В связи с этой моей теорией обнаружилось одно обстоятельство, которое подтвердилось определением времени всех исторических документов, содержащих достаточные астрономические указания. Начало так называемой «истории государств и народов», понимаемой в современном смысле этого слова как последовательное повествование о взаимоотношениях выдающихся личностей с безыменными массами, выделяющими их из себя по закону случайных отклонений от средней нормы, не заходит далеко за эру Диоклетиана (284 год современного нашего исчисления). Ранее этого момента, с которого и начались связные хронологированные записи деяний отдельных лиц, возможна только обезличенная история, т. е. археология, а не «государственная история» человечества со введением в нее религиозного, политического, морального и экономического элементов. Причина такого резкого перехода от археологии к нашей современной истории, где каждая глава пестрит собственными именами общественных вождей, завоевателей; законодателей, изобретателей-и мыслителей, открывающих новые горизонты познания, заключается, очевидно, в том, что только Диоклетианом были установлены официальные придворные летописцы из грамотеев, большей частью евнухов-иноков (первичных монахов), которые записывали на изобретенной в то время папирусной бумаге деяния своих властелинов для их потомков. При царских дворцах возникли летописи, а не в отдаленных пустынях. В уединенных монастырях полуграмотные иноки могли писать летописи лишь от духа святого, если не уходили в пустыню от той же придворной должности, и были совсем не таковы, как описано у Пушкина в его поэме о Дмитрии Самозванце.
Грамотность, конечно, возникла и развилась много ранее Диоклетиана, но направилась она сначала на составление памяток чисто практического, большей частью торгового, рецептуального и поучительного характеров, а потом на воспроизведение эпических сказаний и личных фантазий, которые выводили на сиену только богов да сверхчеловеческих героев, в которых превращались и затерянные для нас навсегда реальные личности того доисторического
подготовительного времени. Сказка с участием богов и волшебников предшествовала в начавшейся литературе придворной летописи, которая могла возникнуть лишь при. вошедшем в обиход чтении, а до него не имела даже и смысла. А без опоры на летописи история народов в том виде, какова она существует теперь, конечно, немыслима. Мыслима только безличная археология, тем более что и личных имен тогда не было, а существовали лишь прозвища.Таково то основное, что я старался доказать до сих пор, а на вопрос о том, «чем я кончу», теперь мне очень легко ответить.

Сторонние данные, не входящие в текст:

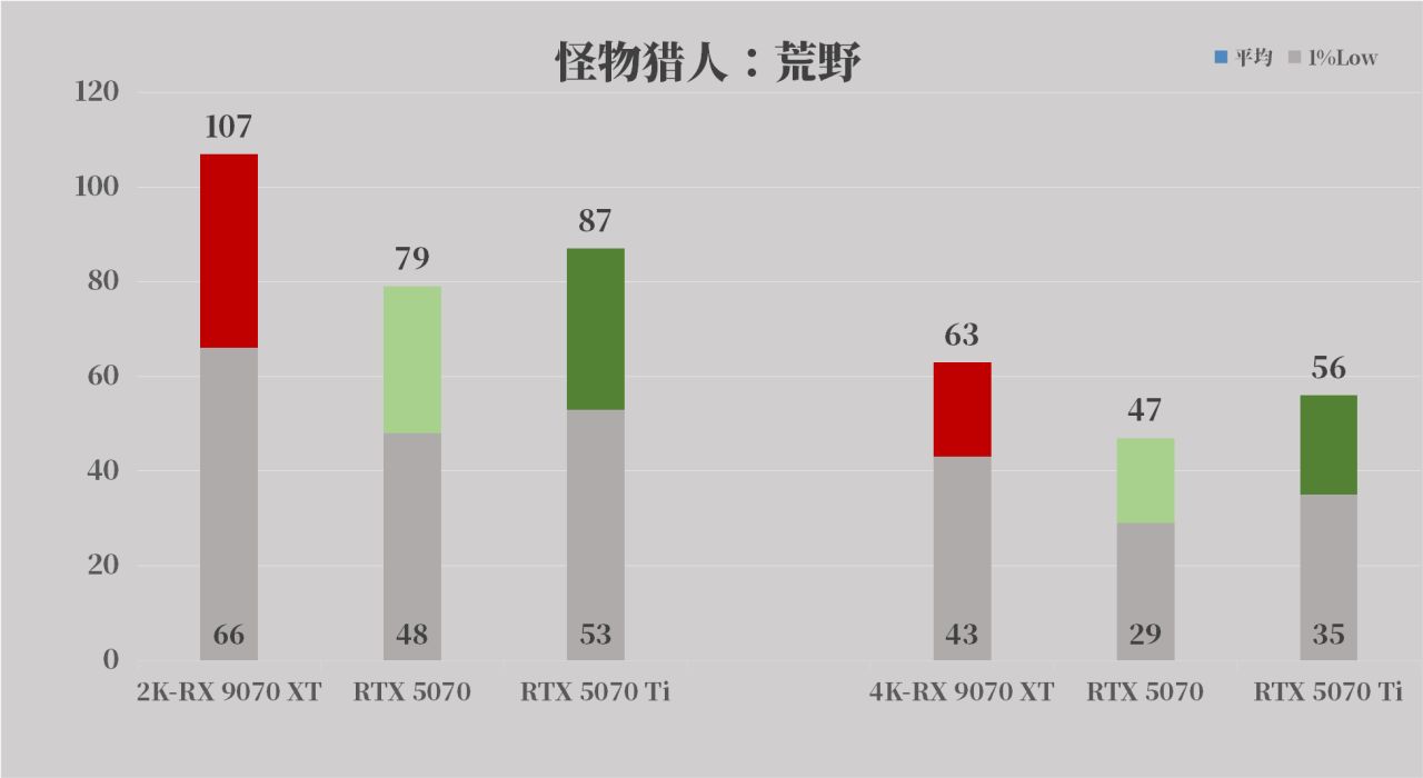 怪物猎人荒野2K分辨率上则大幅领先,4K分辨率高预设下领先范围缩小。

В следующем, седьмом, томе «Христа», который будет и последним, если удастся втиснуть в него весь уже. записанный и накопившийся в голове материал, я буду доказывать следующее.
Богатый астрономический материал, заключающийся в месопотамских клинописях, ясно обнаруживает, что все они принадлежат Средним векам, а потому полуисторическим оказывается даже и начало среднеперсидского царства времен Хозроя Ануширвана (531–579). А все, что было ранее его в этой стране, каковы древнеперсидское и псевдовавилонское царства, есть чистый миф или прямо историческое недоразумение. В связи с этим и индийский брамаизм оказывается не древним измышлением тамошних магов, а переносом туда из Византии первичного христианства, сохранившегося там почти в прежнем виде вдали от руководящих центров человеческой культуры, да и ламаизм и конфуцианство— отголоски того же хлынувшего на Восток византийского христианства еще более поздней эпохи.
В записях о кометах, которые я привожу здесь по найденным в Китае псевдолетописям XVII века, читатель найдет первый намек на то, что реальная история и этого государства за пределами Средних веков очень похожа на сказку о египетском белом бычке, приведенную во второй половине этого тома. Всего же курьезнее окажется то, что часть ее как будто выращена в римских, царьградских и даже в парижских оранжереях и только пересажена миссионерами, начиная с цитируемых в этом томе Майльи и Гобиля, на берега Гоанго и Яндзыдзяна.
В первый период византийской истории от Диоклетиана до Льва Иконобойца правильной является только придворная хронология, но никак не характеристика умственной и религиозной жизни того времени. Христианство того периода, который можно назвать дионисианским
, было более похоже на современный индусский брамаизм и сопровождалось теми же самыми вакханалиями, какие описывают классические писатели. Лев III (717–741), представленный нам византийскими церковными писателями как иконобоец, был, в сущности, идолобоец, потому что греческое слово икона просто значит изображение. Он разбивал не иконы, похожие на наши, а статуи тогдашнего дионисианского классического пантеона, одновременно и совместно с агарянами, как предшественниками магометан, начавшихся лишь с Махмуда Газни, как я показываю здесь. Это была одна и та же религия и в Византии, и в Египте, это был второй период эволюции религиозной мысли на Ближнем Востоке.